The incentive might become more apparent as time goes on.
- long term up-time commitments
- stability guarantees
- dedicated Moderation services
- dedicated help service
- performance guarantees
- additional features or parallel services beyond ordinary masto (eg search, blogging, feed sorting/algorithms, or even fusion of additional platforms like lemmy)
- active sponsorship of developers contributing back to masto
- subscription is part of a dedicated app too (see, eg, Mammoth)
As a Mastodon subscriber on a typical server, I haven’t found any of that to be particularly necessary. Perhaps there are some advanced users who might find it useful though. 

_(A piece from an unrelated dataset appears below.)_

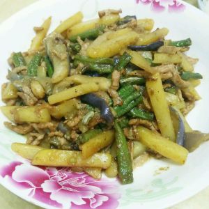 土豆炒制六七分熟 放入茄子 翻炒一两分钟吧 再放入炒好的肉丝 加盐生抽之类的和水 一起煮熟

Interesting. I feel like long term stability, up time and performance would be valuable to many users. In many ways I’d say just going on to mastodon.social is a bit of a cop out as it heavily dilutes the decentralised structure that is arguably the point of all of this. Multiple paid instances would be healthier. And there, as a user on a relatively peripheral instance but one that is paid-for, longevity and stability become increasingly valuable.
Otherwise, instance providers putting the work into trying to provide a relatively “complete” fediverse palette of tools while making it as easy as possible for the users could also be interesting.
What I mean is that long-term stability and up time don’t seem to be a problem for current servers.
It’s definitely an issue with small, niche servers unfortunately. Had a friend’s just go down unexpectedly this week with no warning to let the handful of people on there migrate, so they’re starting over from scratch. My craft server shut down a couple weeks ago although we did get a month warning there so could go through the proper migration process.
I try and donate to all my Fedi servers just to make it worth the admin’s while, because I prefer smaller servers in general but don’t want them to suddenly disappear!
Yea I’d say it isn’t a problem for anyone until it is. All of the notable examples of a server going down that I’ve seen were a surprise to its users. On top of that, I’d expect many have fairly hefty expectations of their server’s longevity. Like 10-15 years, more or less as long as they’ve been using Twitter etc.
You could probably trust that an instance you’re paying for will be more stable/less likely to randomly shut down.